Огромная белая акула, беззвучно подобравшаяся к нему, сомкнула на хвосте человека-рыбы пасть, полную острейших треугольных зубов.

Было очень больно. Боль сигнализировала об опасности, возможной смерти от нервного перенапряжения, такое случается в Мультиверсуме сплошь и рядом. Особенно когда тебя атакует японский боевой вирус S.H.A.R.K. –2040.

Хозяин базиса оставил визитерам замечательный сюрприз.

Проклиная собственную неосторожность, Кусок рванулся прочь, запуская процедуру экстренного выхода. Плевать на тошноту, головокружение и гарантированную мигрень. Виртуальная акула-людоед развивала бешеную скорость, говорящую о дополнительной оптимизации исходника (умелые руки Юзефа поработали над этим замечательным творением восточных хакеров).

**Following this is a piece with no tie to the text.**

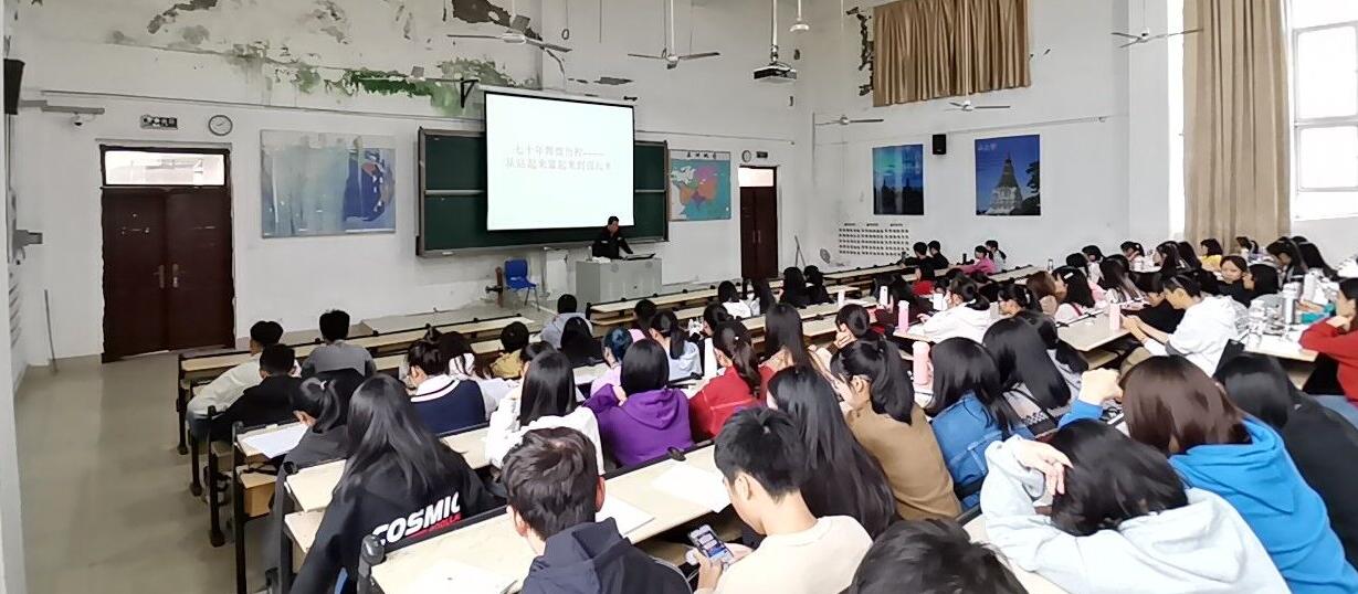 杨凡老师以新中国成立为起点,回顾了新中国成立70年来党领导人民一路披荆斩棘、奋勇前进的艰辛创业史,列举新中国成立以来取得的一系列辉煌成就,阐述中华民族实现从站起来富起来到走向强起来的伟大飞跃,并深刻揭示了一个基本结论:党的领导是实现中华民族伟大复兴的根本政治保证。在讲授中,杨凡老师强调党在社会主义建设初步探索时期走过的曲折道路为开创中国特色社会主义理论提供了宝贵的经验借鉴;进入到改革开放新时期,历届中央领导集体解放思想、实事求是,用理论创新成果引领中国向前发展,取得了历史性成就,实现了全方位变革,使中国面貌焕然一新。

Она норовила догнать Романа и распробовать его уже как следует.

Курящийся бледной кровью огрызок хвоста совершал бесполезные взмахи, Перед глазами Куска вспыхивали секунды, оставшиеся до выхода. Давняя история с волком грозила повториться в надвигающейся пасти акулы.

Две секунды, полторы (он уже чувствовал, как его живот разрывают акульи зубы), одна.

Ноль.

Выход.

И маска актера японского театра Но дружелюбно улыбнулась ему со стены.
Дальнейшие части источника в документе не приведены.